Last Wednesday, we analyzed Senator Scott Jenkins’ (Republican – Plain City) SB 43 – Closed Primary Amendments. At that time, we knew Jenkins intended to introduce legislation which would start the process of amending the state constitution—specifically to nullify both Count My Vote and the compromise legislation set forth though Senator Curt Bramble’s (Republican – Provo) 2014 legislation SB 54 – Election Amendments.
We won’t rehash the pros and cons of Count My Vote (CMV) and the compromise of 2014’s SB 54 (you can read those analyses here and here), but we will say that Jenkins’ latest legislation, SJR 2 – Proposal to Amend Utah Constitution – Rights of Political Parties would be the coup de grâce to Count My Vote’s attempt reform how candidates appear on the election ballot.

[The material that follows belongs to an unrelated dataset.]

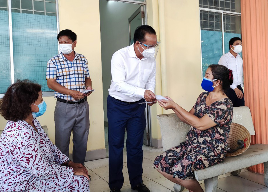 Bí thư Tỉnh ủy, Chủ tịch HĐND tỉnh - Nguyễn Văn Được trao tiền hỗ trợ cho đối tượng bị ảnh hưởng bởi dịch Covid-19
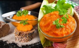 Jätä pavut etukäteen yön yli veteen. Keitä sitten pehmeiksi (60-80 minuuttia). Hienonna sipulit, pilko paprikat, raasta porkkanat ja hakkaa tomaatit tehosekoittimella.

Jenkins’ SJR 2, if successful, will modify Utah’s Constitution to say that a political party, and only political parties, can establish the way a candidate appears on the ballot—completely forgoing any public oversight through lawmakers of the process.

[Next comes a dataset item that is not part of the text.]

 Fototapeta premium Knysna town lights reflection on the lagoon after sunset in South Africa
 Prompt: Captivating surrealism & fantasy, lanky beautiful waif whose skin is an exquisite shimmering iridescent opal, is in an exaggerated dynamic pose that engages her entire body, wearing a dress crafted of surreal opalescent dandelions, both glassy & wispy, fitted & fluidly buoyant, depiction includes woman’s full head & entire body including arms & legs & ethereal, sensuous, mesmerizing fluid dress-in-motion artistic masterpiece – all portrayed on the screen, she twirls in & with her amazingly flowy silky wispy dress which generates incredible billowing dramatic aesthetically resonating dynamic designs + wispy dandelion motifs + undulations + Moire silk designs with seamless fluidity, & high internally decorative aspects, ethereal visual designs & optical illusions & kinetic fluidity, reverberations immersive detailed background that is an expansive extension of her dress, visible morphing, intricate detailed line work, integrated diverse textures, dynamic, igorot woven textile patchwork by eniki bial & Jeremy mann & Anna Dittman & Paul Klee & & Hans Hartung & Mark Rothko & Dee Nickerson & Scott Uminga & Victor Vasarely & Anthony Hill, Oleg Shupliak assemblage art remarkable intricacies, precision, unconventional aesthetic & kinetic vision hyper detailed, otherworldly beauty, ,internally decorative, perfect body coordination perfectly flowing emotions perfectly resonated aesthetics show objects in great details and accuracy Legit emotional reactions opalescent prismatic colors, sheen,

Because the legislation would change the state constitution, it will require a two-thirds majority vote in both the House and Senate, as well as an affirmative vote by the public to make the change official.

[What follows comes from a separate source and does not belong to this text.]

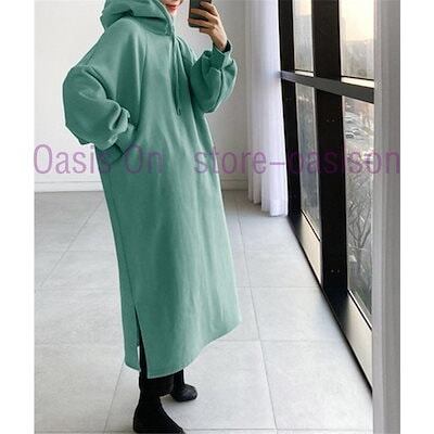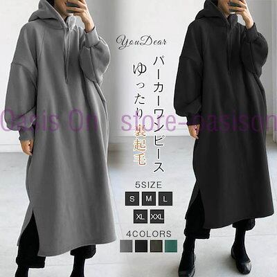 入荷 パーカーワンピース ワンピース レディース パーカー 長袖 ミモレ丈 秋 冬 体型カバー スエット 無地 ルームウェア 裏起毛 ゆったり 着回し ロングワンピース
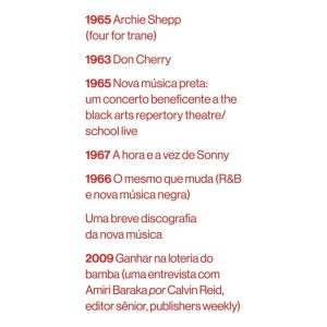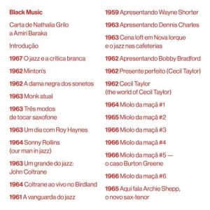 A maioria dos críticos de jazz até agora são americanos brancos, enquanto os principais músicos não” Black Music é um dos exercícios mais radicais e selvagens de crítica musical que já foi posto em prática. Nestes ensaios, resenhas, entrevistas, encartes, crônicas e impressões pessoais publicados entre 1959 e 1967, Amiri Baraka (LeRoi Jones) retrata a florescente cena do free jazz, um movimento que envolveu o aprofundamento das inovações sonoras do bebop e a recuperação do jazz como expressão autêntica da cultura afro-estadunidense em uma época em que seu sucesso comercial a tornava um gênero padronizado e palatável para a amérikkka branca.Figura central e unificadora do movimento beat nos anos 50 e Black Power nas décadas seguintes, Baraka lança mão de uma linguagem elétrica e furiosa que reflete a liberdade de improvisação do free jazz para deixar claro que essa música só pode ser compreendida como parte de um conjunto de experiências, que ao longo do século XX, moldaram uma nova consciência do que significava ser negro nos Estados Unidos. E é por isso que os seus intérpretes, entre os quais se destacam John Coltrane, Ornette Coleman, Archie Shepp, Sun Ra, Thelonious Monk, Albert Ayler, Pharoah Sanders, Sonny Rollins, Don Cherry, Wayne Shorter e Cecil Taylor, devem ser considerados, além de grandes músicos: “intelectuais ou místicos, ou ambos”.Baraka escreve com a paixão e o lirismo que só podem vir de um crítico de jazz que investe intransigentemente nas dimensões sociais e estéticas da música.WBGO (Rádio Pública de Newark, Nova Jersey)Jones aprendeu – e isso tem sido muito raro na crítica de jazz – a escrever sobre música como artista.Nat Hentoff (historiador e crítico musical estadunidense)

This is an interesting tactic, considering that the primary reason CMV and its supporters were able to force the legislature to act last session was due in no small part to the vast amount of signatures CMV was able to collect with their army of paid and volunteer petition signature gatherers all across the state. Indeed, when CMV finally let off the gas following negotiations with Senator Bramble and others in the legislature, it claimed to have collected more than 100,000 signatures, well within striking distance of number required to place the issue on the ballot.
Furthermore, with CMV’s powerful institutional (and monied) supporters, it was quite possible that the CMV petition may have been successful come election season in their quest to allow candidates to skip the political party nominating process if they were able to gather enough signatures, as CMV backers were willing and able to make media buys in order to promote their cause.
However, since a compromise with lawmakers was reached, CMV has gone dormant. Jenkins’ SB 43 and SJR 2 will no doubt reawaken the organization. Though Jenkins may be able to navigate the legislative waters with SB 43, once something is released out to the public, such as a constitutional amendment, things become much more difficult to control.
We once again echo our concern that Jenkins appears to be more concerned with protecting the Republican Party over the people of Utah, as demonstrated by his quote in The Salt Lake Tribune when he said that, “SB54 created a compromise that hurt the party,” and that he felt that “…it’s our obligation as Republicans…to do the best we can to prevent that from being implemented.” However, because the resolution requires the direct will of the people in order to be successful, the legislation may be seen as more palatable when compared to SB 43.
We also remind Jenkins that the provisions in SB 54 have not had a chance to function and therefore feel that he may be putting the cart before the horse. Regardless of whether the legislation is proper or not, it appears to be premature.